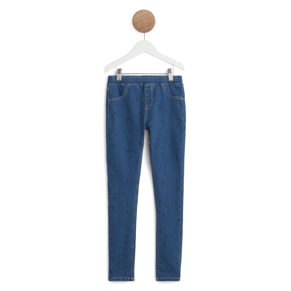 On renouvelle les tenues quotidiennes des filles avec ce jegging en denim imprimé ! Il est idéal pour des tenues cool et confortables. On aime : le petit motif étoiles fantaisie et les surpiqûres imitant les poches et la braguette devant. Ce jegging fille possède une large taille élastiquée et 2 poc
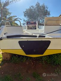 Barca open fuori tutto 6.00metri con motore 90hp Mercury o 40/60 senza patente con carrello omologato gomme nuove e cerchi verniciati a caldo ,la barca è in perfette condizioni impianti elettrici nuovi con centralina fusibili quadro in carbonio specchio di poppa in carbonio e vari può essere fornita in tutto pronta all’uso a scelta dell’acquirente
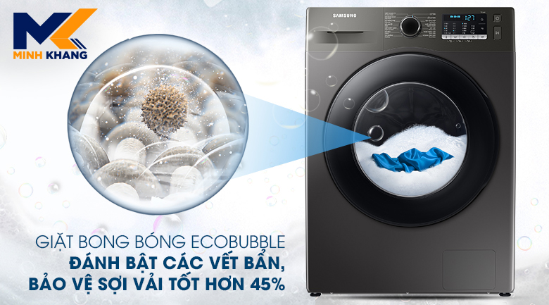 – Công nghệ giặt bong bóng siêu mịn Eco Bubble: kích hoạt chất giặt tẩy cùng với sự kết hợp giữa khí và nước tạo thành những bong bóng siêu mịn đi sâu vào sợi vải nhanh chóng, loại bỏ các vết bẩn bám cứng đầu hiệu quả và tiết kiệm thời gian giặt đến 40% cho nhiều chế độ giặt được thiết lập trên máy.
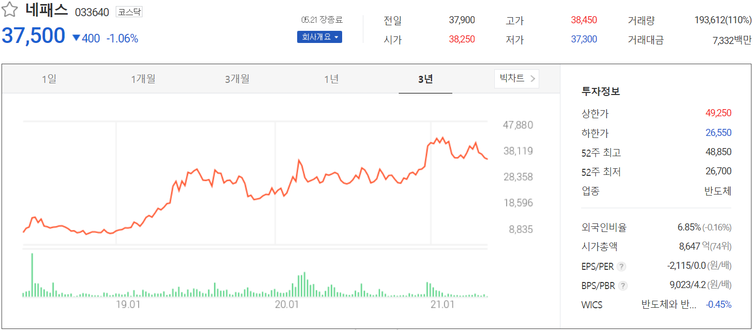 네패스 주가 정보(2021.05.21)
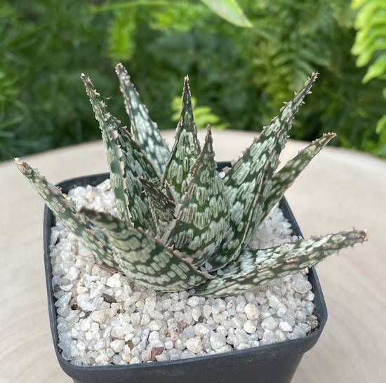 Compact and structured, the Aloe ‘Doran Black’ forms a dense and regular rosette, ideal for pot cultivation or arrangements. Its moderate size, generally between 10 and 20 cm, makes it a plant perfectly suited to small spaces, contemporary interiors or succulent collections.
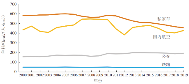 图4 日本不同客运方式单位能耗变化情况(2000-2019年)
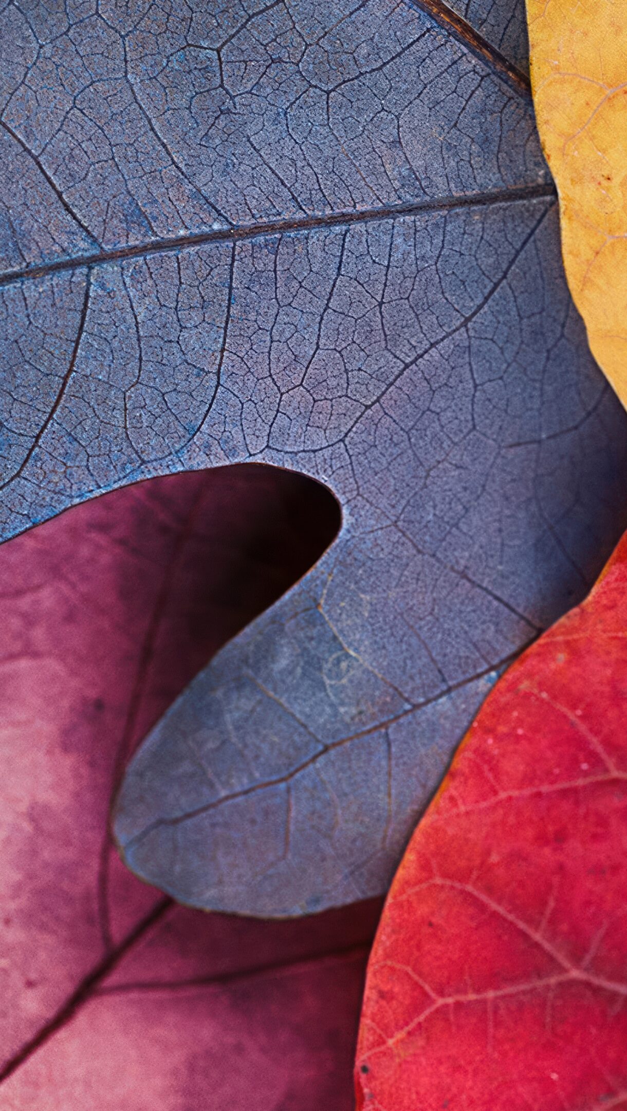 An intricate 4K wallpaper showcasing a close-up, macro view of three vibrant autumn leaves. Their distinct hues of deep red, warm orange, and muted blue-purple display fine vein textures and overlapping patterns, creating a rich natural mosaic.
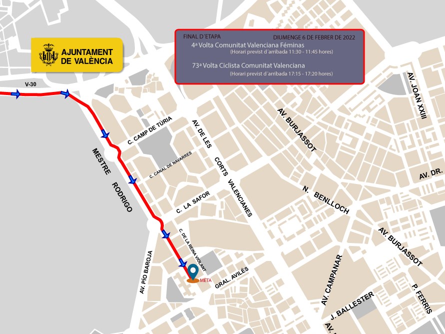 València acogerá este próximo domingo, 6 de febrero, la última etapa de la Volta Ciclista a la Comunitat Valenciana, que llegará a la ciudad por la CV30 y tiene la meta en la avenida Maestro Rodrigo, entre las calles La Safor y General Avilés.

**WHAT TO WORK ON:** Reproduce word for word the lines from the line with "An intricate 4K" to the end of the entries above, both included, but leave the pictures out.

**SOLVED PROBLEM:**
 An intricate 4K wallpaper showcasing a close-up, macro view of three vibrant autumn leaves. Their distinct hues of deep red, warm orange, and muted blue-purple display fine vein textures and overlapping patterns, creating a rich natural mosaic.
 València acogerá este próximo domingo, 6 de febrero, la última etapa de la Volta Ciclista a la Comunitat Valenciana, que llegará a la ciudad por la CV30 y tiene la meta en la avenida Maestro Rodrigo, entre las calles La Safor y General Avilés.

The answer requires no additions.